Ale ostrożnie, bo na przykład floksy popaliło.
Azalie miały się po tej miksturze świetnie, a mączniak zniknął.
I to jest genialna receptura.
Zaczęłam szukać powodu, dla którego wystąpiło na magicznych azaliach, nagłe uzdrowienie.
Wyszło mi, że :
- grzyby lubią wilgoć i kwaśne środowisko
- ciepły oprysk ( 22C) jest szybciej wchłaniany, bo nie powoduje oziębienia liścia
- proszek do pieczenia, czyli kwaśny węglan wapnia, ma odczyn zasadowy, alkalizujący
- przy zastosowaniu "przylepca i zmiękczacza wody - tu szamponu - Mag obnizyła napięcie powierzchniowe, zmiękczyła wodę, co dało lepszą przylepność i głębszą penetrację roztworu, w głąb skupiska/ korzeni grzybni, wrośniętej w tkanki liścia
- przylepiec - utrudnia pobieranie wody przez grzyba, a ta jest grzybom niezbędna
- zmieniając pH korzeni grzyba - Mag zabiła go na amen
- w ludzkiej medycynie wodoroweglanem sodu leczy się grzybice, nadkwasoty, używa jakko składnika leków osłonowych
- do dezynfkcji przeciwgrzybicznej w ogrodnictwie, uzywa się związków sodu ( podchlorynu sodu)

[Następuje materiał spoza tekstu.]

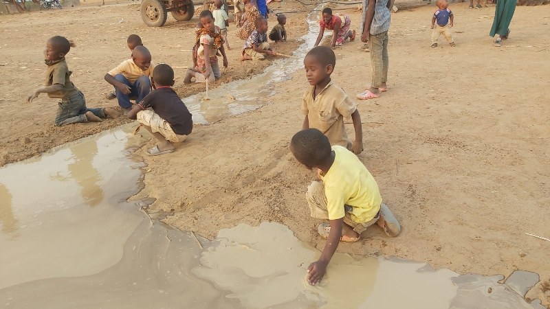 Djeca, mladi, stari. Dotiču vodu. Deseci posuda punih pitke vode nose se kućama za ručak od bijelog mljevenog kukuruza.

Pewnym potwierdzeniem do stosowania ciepłych natrysków z odpowiednio spreparowanych środków ochrony jest ten artykuł, z badań prof.Skrzypczaka dot. ochrony róz przed mączniakiem :
http://poradyrolnicze.rolnicy.com/oprys ... akiem.html
Jeśli fungicydy zamieniamy na naturalnych wrogów grzyba, to mamy ekologiczny ogród, choć zasady przygotowania cieczy używtkowej, pozostają bez zmian.